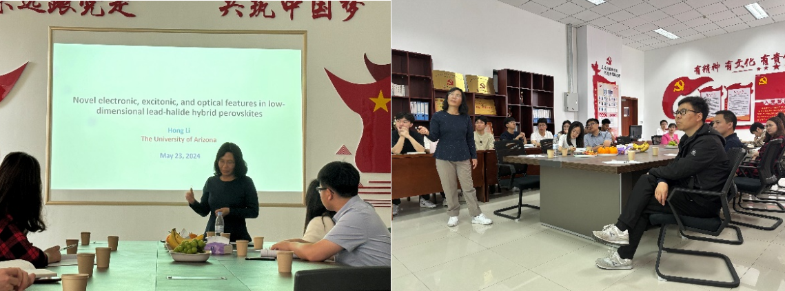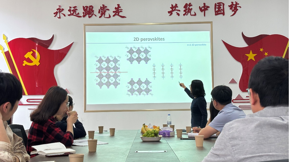 二维卤化钙钛矿与其三维结构相比,具有更好的光稳定性和化学稳定性,因此吸引了人们的极大的研究兴趣。在过去几年中,人们不断尝试通过调控二维钙钛矿晶体中有机间隔分子的化学性质,以将其更好的应用于发光或光伏材料。然而,目前的工作大多集中于研究无机-无机或有机-有机之间的界面相互作用,却忽略了有机阳离子的前沿分子轨道与无机框架的带边态之间电子耦合作用诱发的一系列重要特性。有机成分和无机成分之间的这种强耦合作用可能会产生新的电子、激子和光学特性,从而进一步拓宽钙钛矿材料实际应用的范围。Li Hong教授为大家详细讲解了二维和一维卤化钙钛矿中无机钙钛矿层和有机间隔层之间电子耦合相关的研究工作,其中有机间隔层由具有π共轭骨架的(二)铵阳离子组成。研究结果表明,通过调整有机阳离子的共轭度和极化性,以及有机成分和无机成分之间的结构接近度和电子耦合,可以实现各种电子和激子行为。同时,与各位老师学生就研究中遇到的问题进行了交流,报告内容精彩,师生收益颇丰。
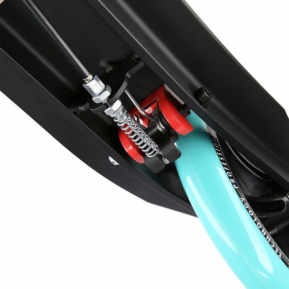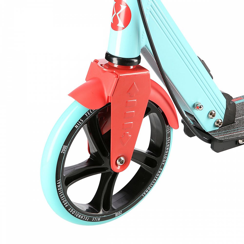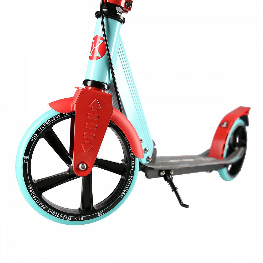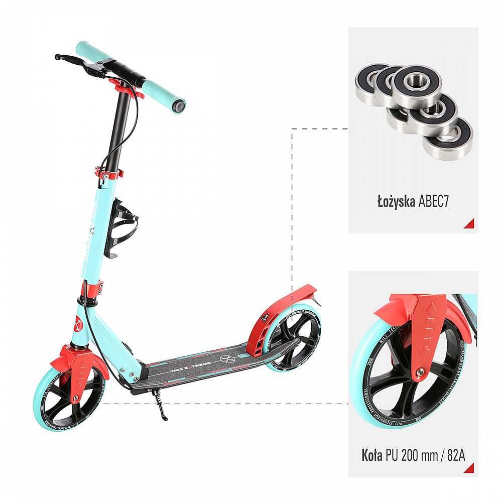 Zadní blatník slouží jako přítlačná brzda, která ještě podtrhuje brzdný účinek mechanické brzdy ovládané lankem z páčky na řídítkách, ty jsou opatřeny gumovými rukojeťmi, které zajišťují pevný a pohodlný úchop. Velká kola jsou osazena ložisky ABEC 7 a polyuretanovou pneumatikou o průměru 200 milimetrů. Tato kombinace zajišťuje rychlou, plynulou a bezpečnou jízdu. Na sloupku řídítek má své místo držák pro odložení láhve s nápojem, který najde své využití při delších vyjížďkách. Blatník na předním kole využijete, pokud Vás zastihne dešťová přeháňka.
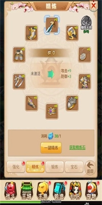 4、要获取银两和精炼石,可把多余的装备拿去熔炼;其中精炼石能用来精炼装备,让装备属性得到进一步加成,而挑战副本是获得精炼石的途径。

Exercise aim: Nothing but an exact transcription of the material, without pictures, should be returned.

Answer to the problem:
 二维卤化钙钛矿与其三维结构相比,具有更好的光稳定性和化学稳定性,因此吸引了人们的极大的研究兴趣。在过去几年中,人们不断尝试通过调控二维钙钛矿晶体中有机间隔分子的化学性质,以将其更好的应用于发光或光伏材料。然而,目前的工作大多集中于研究无机-无机或有机-有机之间的界面相互作用,却忽略了有机阳离子的前沿分子轨道与无机框架的带边态之间电子耦合作用诱发的一系列重要特性。有机成分和无机成分之间的这种强耦合作用可能会产生新的电子、激子和光学特性,从而进一步拓宽钙钛矿材料实际应用的范围。Li Hong教授为大家详细讲解了二维和一维卤化钙钛矿中无机钙钛矿层和有机间隔层之间电子耦合相关的研究工作,其中有机间隔层由具有π共轭骨架的(二)铵阳离子组成。研究结果表明,通过调整有机阳离子的共轭度和极化性,以及有机成分和无机成分之间的结构接近度和电子耦合,可以实现各种电子和激子行为。同时,与各位老师学生就研究中遇到的问题进行了交流,报告内容精彩,师生收益颇丰。
 Zadní blatník slouží jako přítlačná brzda, která ještě podtrhuje brzdný účinek mechanické brzdy ovládané lankem z páčky na řídítkách, ty jsou opatřeny gumovými rukojeťmi, které zajišťují pevný a pohodlný úchop. Velká kola jsou osazena ložisky ABEC 7 a polyuretanovou pneumatikou o průměru 200 milimetrů. Tato kombinace zajišťuje rychlou, plynulou a bezpečnou jízdu. Na sloupku řídítek má své místo držák pro odložení láhve s nápojem, který najde své využití při delších vyjížďkách. Blatník na předním kole využijete, pokud Vás zastihne dešťová přeháňka.
 4、要获取银两和精炼石,可把多余的装备拿去熔炼;其中精炼石能用来精炼装备,让装备属性得到进一步加成,而挑战副本是获得精炼石的途径。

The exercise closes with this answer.